Are our ecosystems healthy? Ask the ants

Michele Sabto

Among the various animals used as bio-indicators in environmental management, insects and invertebrates have long been the poor cousins. But according to CSIRO ecologist, Dr Alan Andersen, the humble ant can be a more powerful tool than larger vertebrates for biodiversity monitoring.

The native mulga ant (Polyrhachis macropus) is so-called because it is found in mulga (Acacia aneura) scrub across the Northern Territory, South Australia, Western Australia, and throughout central Australia.
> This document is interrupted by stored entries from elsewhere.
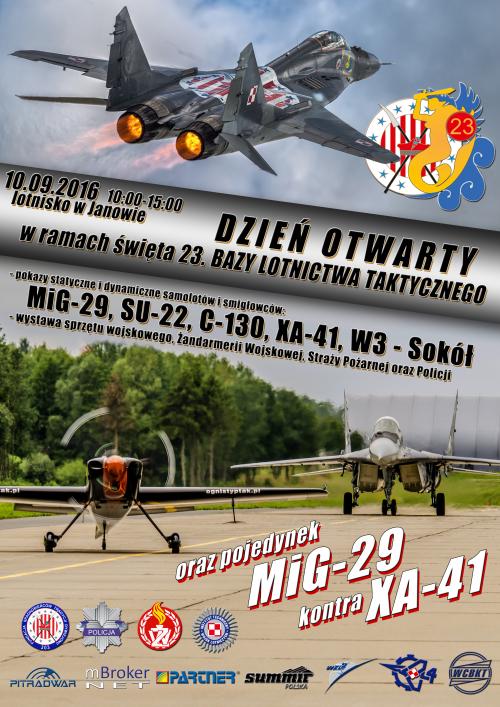 · Niezwykle ciekawie zapowiada się ostatni punkt bloku dynamicznego – swój drugi w historii pokaz przedstawi zespół „Xtreme Sky Force”. Będzie to duet składający się z 2 samolotów - XA-41 pilotowanego przez Artura Kielaka - pochodzącego z Mińska Mazowieckiego mistrza Polski w akrobacji samolotowej advanced oraz MiGa-29, za sterami którego zasiądzie ppłk Piotr „Kuman” Iwaszko - dowódca grupy działań lotniczych z 23. Bazy Lotnictwa Taktycznego. Publiczność będzie mogła przekonać się na własne oczy jak wygląda walka najagresywniejszego samolotu akrobacyjnego z 11-tonowym wojskowym myśliwcem. Jej fragment - z perspektywy XA-41 - można znaleźć na YouTube.
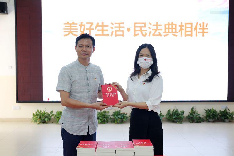 讲座伊始,工作人员将60本《中华人民共和国民法典》书籍赠送给南华小学的学生们,并联合小学党总支在每个五年级教室内设置法治书吧,培养学生的法律意识,让《民法典》真正在学生心里开花结果。
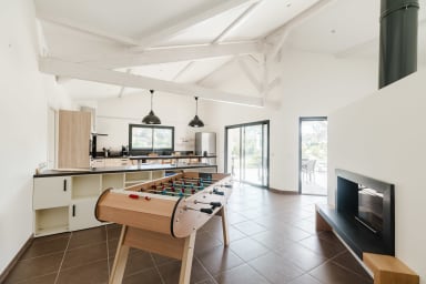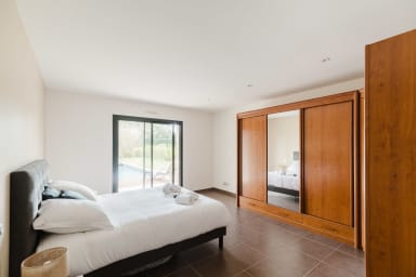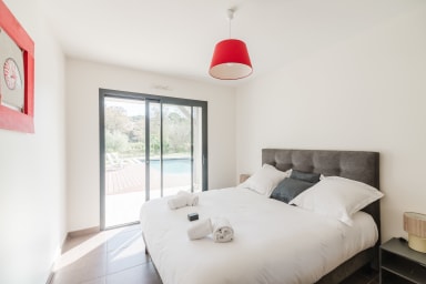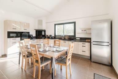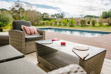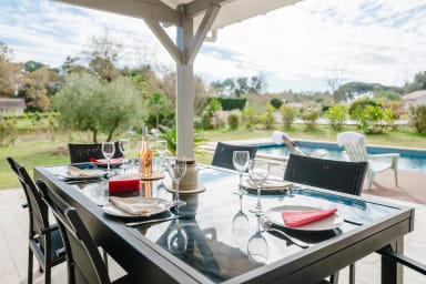 Bienvenue à " La villa Pitéou" .☀️Tout confort, la villa offre de beaux volumes modernes , toutes les pièces sont de plain pied avec une structure en L et ouvrent sur une grande terrasse carrelée et bois autour de la piscine
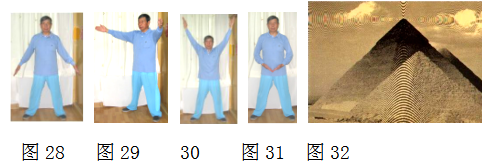 依据暗物质受几何图形控制的特性:揭示在园门的能量运动是园周运动;在平面直线(杆)是直线运动;在双线交角的角顶是双螺旋向上运动,组成角的两边如人体双腿,是由内向前向外向后向内的螺旋向上运动。依此,揭秘:
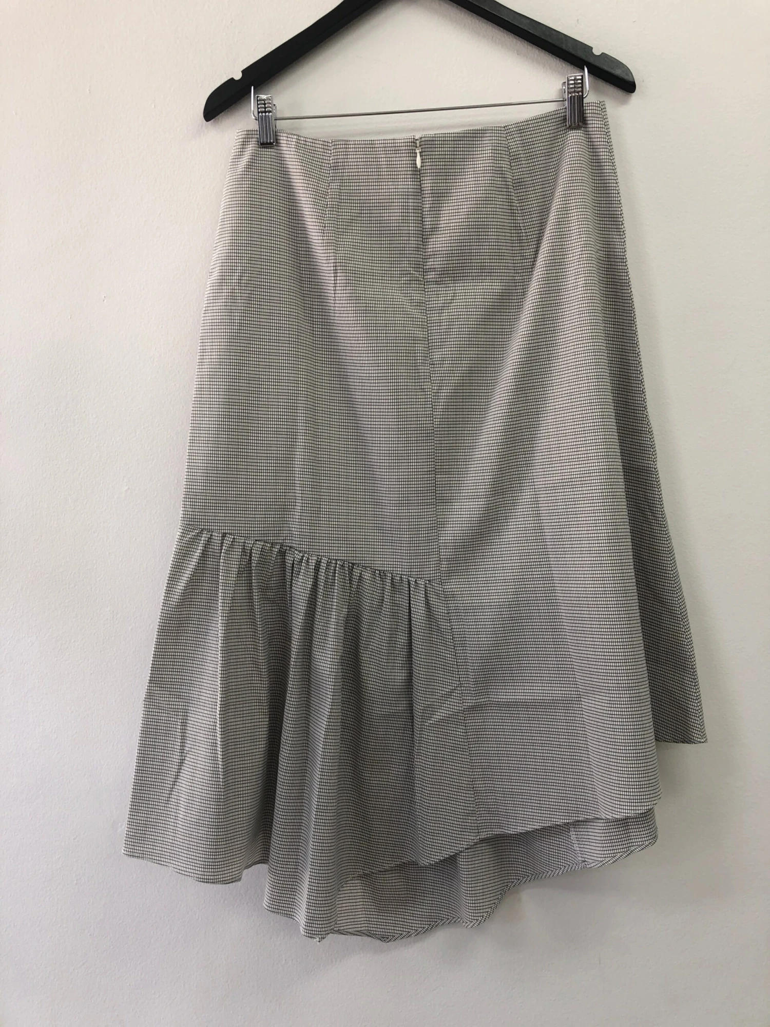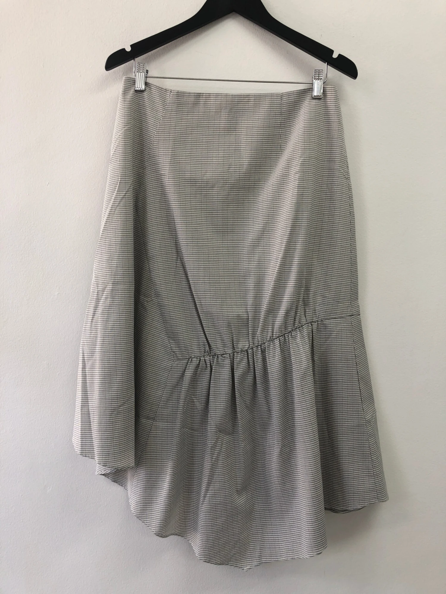Cut from a monochrome checked fabrication, the Martina Skirt from Elka Collective is the perfect Autumn Skirt as the season shift. It has an asymmetrical hemline and shirred seam gathering with centre-back zip and a-line silhouette.
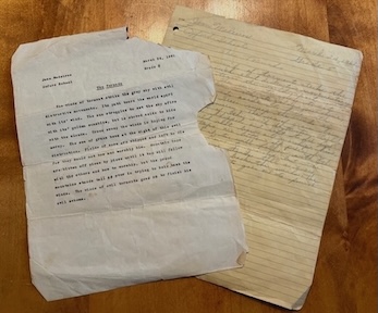 I wonder if Mom and Dad were inspired to find the typewriter or it was just a coincidence. I still have two copies of a short piece, The Tornado, I wrote. As you can see, the original was handwritten. The second was typewritten on the Remington.
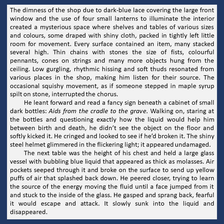 Mystical Paragons is an unusual shop inspired by one I entered almost two decades ago in Digby, Nova Scotia. The atmosphere in the little shop by the waterfront was dimly lit, had brightly-coloured items and unusual things I had never seen before.
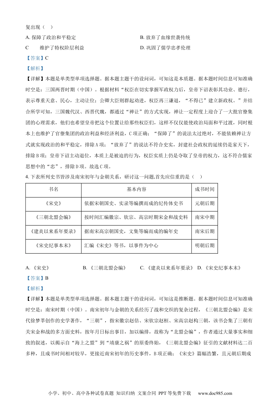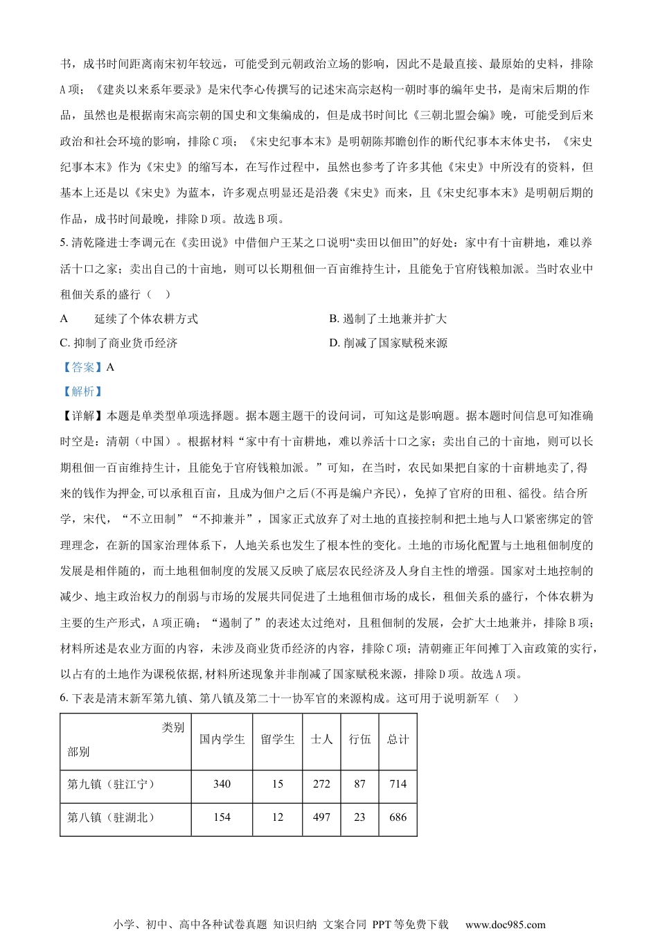 小学、初中、高中各种试卷真题知识归纳文案合同PPT等免费下载www.doc985.com2024年高考新课标卷历史真题1.考古学者在某史前遗址发掘出1300余座墓葬,大、中、小三类墓葬分别占总数的不到1%、近10%和90%。其中大型墓葬规模大、随葬品丰富,出土了成套的石制、陶制礼器等。据此可以推断,该遗址处于()A.旧石器时代早期B.旧石器时代晚期C.新石器时代早期D.新石器时代晚期【答案】D【解析】【详解】本题是单类型单项选择题。据本题主题干的设问词,可知这是推断题。据本题时间信息可知准确时空是:新石器时代(中国)。根据材料可知并结合所学可知,墓葬中随葬品的多寡反映出贫富差别开始出现,阶级已经萌芽,社会中正孕育着文明因素,结合所学新石器时代晚期,社会经济文化水平发展到更高的层次,青铜铸造已经发明,城市出现,墓葬中随葬品的种类和数量相差悬殊,反映了阶级的出现,表明在此阶段已经出现了文明的曙光,社会历史已接近文明时代的门槛,D项正确;旧石器时代是指以使用打制石器为标志的人类物质文明发展阶段,距今约250万年~约1万年前,从事渔猎和采集,过着群居生活,生产力发展水平有限,并未出现阶级分化,排除A、B项;新石器时代早期,考古学文化的石器仍以打制为主,磨制很少,陶器制作粗糙,居民生活以渔猎采集为主,农业和家畜饲养业处于初期阶段,且早期,社会复杂化程度相对较低,发现的大型聚落及墓葬较少,排除C项。故选D项。2.春秋战国时期,各国纷纷进行政治变革,争相延揽人才,诸子百家大都呼吁“选贤与能”。不认同这一理念的学派是()A.儒家B.墨家C.道家D.法家【答案】C【解析】【详解】本题是单类型单项选择题。据本题主题干的设问词,可知这是反向题。据本题时间信息可知准确时空是:春秋战国时期(中国)。结合所学可知,道家提倡道法自然、无为而治、与自然和谐相处,代表没落的奴隶主贵族阶层,其思想较为保守和倒退,并不积极主张变法改革,延揽人才,C项正确;儒家思想中孟子、荀子分别提出“仁政”“隆礼重法”等思想,代表了新兴的地主阶级的利益,其主张一定程度上迎合了诸侯国变法改革的需要,排除A项;墨家代表社会下层小生产者的利益,主张“尚贤”,希望有贤能的人治理国家,排除B项;法家提出了富国强兵、以法治国的思想,主张今必胜昔,因时变革,排除D项。故选C项。3.三国魏代汉、西晋代魏,都通过“禅让”实现:权臣在切实掌握军政权力后,皇帝下诏表彰其功业、德行,表示尊重天意、民心,主动让位;公卿大臣则群起劝进,权臣再三谦退,“不得已”建立新政权。“禅让”反小学、初中、高中各种试卷真题知识归纳文案合同PPT等免费下载www.doc985.com复出现()A.保障了政治和平稳定B.放弃了血缘世袭传统C.维护了特权阶层利益D.巩固了儒学忠孝伦理【答案】C【解析】【详解】本题是单类型单项选择题。据本题主题干的设问词,可知这是本质题。据本题时间信息可知准确时空是:三国两晋时期(中国)。根据材料“权臣在切实掌握军政权力后,皇帝下诏表彰其功业、德行,表示尊重天意、民心,主动让位;公卿大臣则群起劝进,权臣再三谦退,“不得已”建立新政权。”并结合所学可知,三国魏代汉、西晋代魏,都通过“禅让”的方式实现,禅让一定程度上迎合了一大批官僚集团的心理需求,他们也希望皇帝把这个位置让给那些权臣们,这样不仅仅能使政治局面和平过渡,同时根本上也维护了官僚集团的政治利益和经济利益,C项正确;“保障了”的说法太过绝对,不能依赖禅让方式就实现政治的和平稳定,排除A项;“放弃了”的说法不符合史实,封建社会政权的延续仍是家天下,排除B项;皇帝下诏主动退位,本质上是被迫的行为,权臣实质上仍是夺取了皇帝的权力,这不符合儒家思想中的“忠”,排除D项。故选C项。4.下表所列史书皆涉及南宋初年与金朝关系,研讨这一问题,首先应信重的是()书名基本内容成书时间《宋史》依据宋朝国史、实录等编撰而成的纪传体史书元朝后期《三朝北盟会编》按时间汇编徽宗、钦宗、高宗时期宋金和战史料南宋中期《建炎以来系年要录》据南宋高宗朝国史,文集等编而成的编年史南宋后期《宋史纪事本末》汇编《宋史》等书,以事...
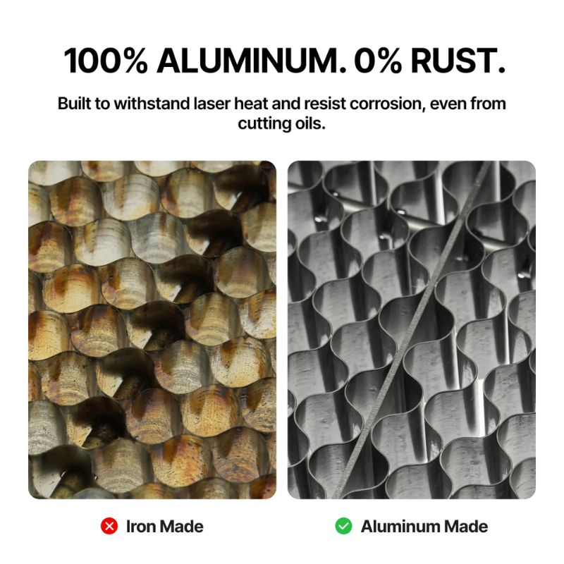 Het aluminium honingraatpaneel voor xTool P3 is een speciaal werkoppervlak voor lasersnijden. Het bevordert de luchtcirculatie onder het materiaal, vermindert brandplekken en verbetert de snijkwaliteit, vooral bij hout en gevoelige materialen.
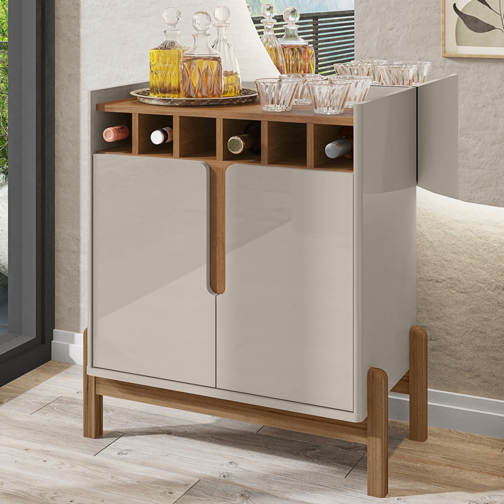 Barzinho Com 2 Portas e Adega Para Sala de Jantar 50522, com seu design moderno, irá levar versatilidade e charme à seu cômodo, seja ele, sala de jantar ou sala de estar. Possui estrutura em MDF de 15mm, MDP de 15mm e 25mm, 02 portas de MDF usinadas com detalhe curvo e dobradiças com sistema soft-close, para um fechamento mais suave, o que permite uma ótima experiência em seu uso diário, além disso, possui 06 adegas embutidas, para manter suas garrafas preferidas na posição horizontal, Sua pintura conta também com acabamento Print Wood, patenteado e exclusivo Casa D, garante ao produto maior qualidade e durabilidade como nenhuma no mercado possui. Suporta até 32 kg distribuídos, possibilitando a disposição de seus objetos, apesar de compacto, seu espaço interno e externo permitem armazenamento de diversos itens. Para maior segurança, os pés são elaborados em madeira maciça (Pinus) com pintura laqueada e sapatas para evitar riscos no piso no qual for instalado. Além de garantir um visual contemporâneo, tudo isso priorizando a segurança e o charme que seu ambiente necessita. Este móvel chegará em sua casa separado em 01 volume.
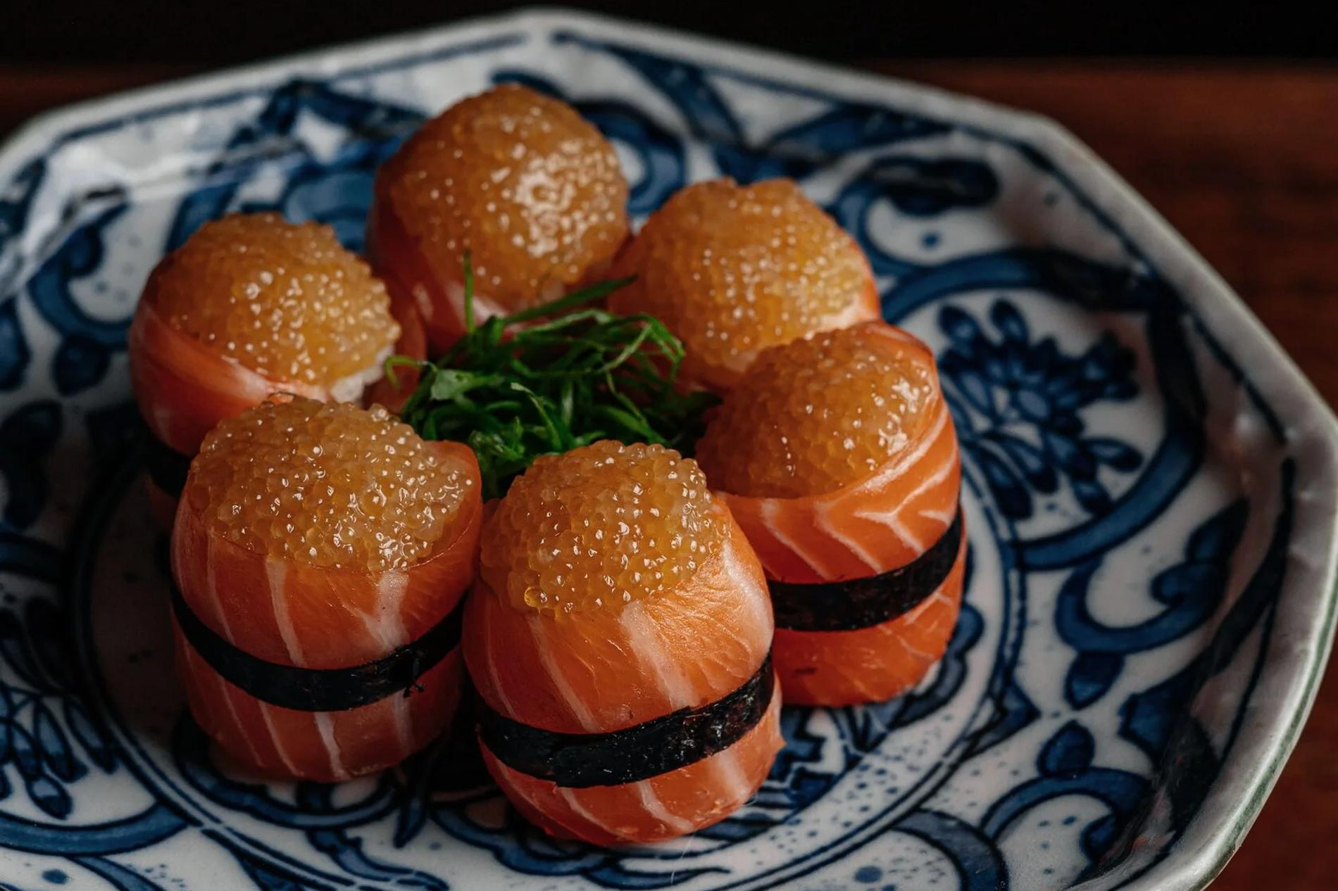 Кажется, мы уже смирились с тем, что не Япония является родиной роллов, а долина реки Меконг на полуострове Индокитай. Зато хенд‑роллы — чисто японское изобретение: угорь, креветка, хамачи, шима‑аджи — выбирайте начинку по душе. Трендовые нынче осидзуси тоже придумали в Стране восходящего солнца: гребешок или опалённый лосось с красной икрой — да, определиться сложно. В таких случаях всегда можно обратить внимание на классику вроде обёрнутых в слайсы лосося роллов с щучьей икрой.

Mulga ants become more scarce following disturbance, so are a good indicator of landscape health and recovery.
Credit: CSIRO

‘Ants are the dominant animal group in Australia in terms of biomass, energy and nutrient flow,’ explains Dr Andersen. ‘This means that understanding what they’re doing gives you a good indication of what’s happening in the broader ecosystem.

‘Generally, when you look at the profile of animals from a conservation sense, it’s all to do with vertebrates. Humans are big, visual animals so it’s the big things that capture our attention.’

Ants and mine site recovery

The use of ants as bio-indicators has a long history in mine site rehabilitation in Australia. In the 1970s and 80s, a series of studies at rehabilitated mine sites in the jarrah (Eucalyptus marginata) forests of southwest Western Australia found that ant-species richness was correlated with diversity and abundance of a wide range of other invertebrate groups.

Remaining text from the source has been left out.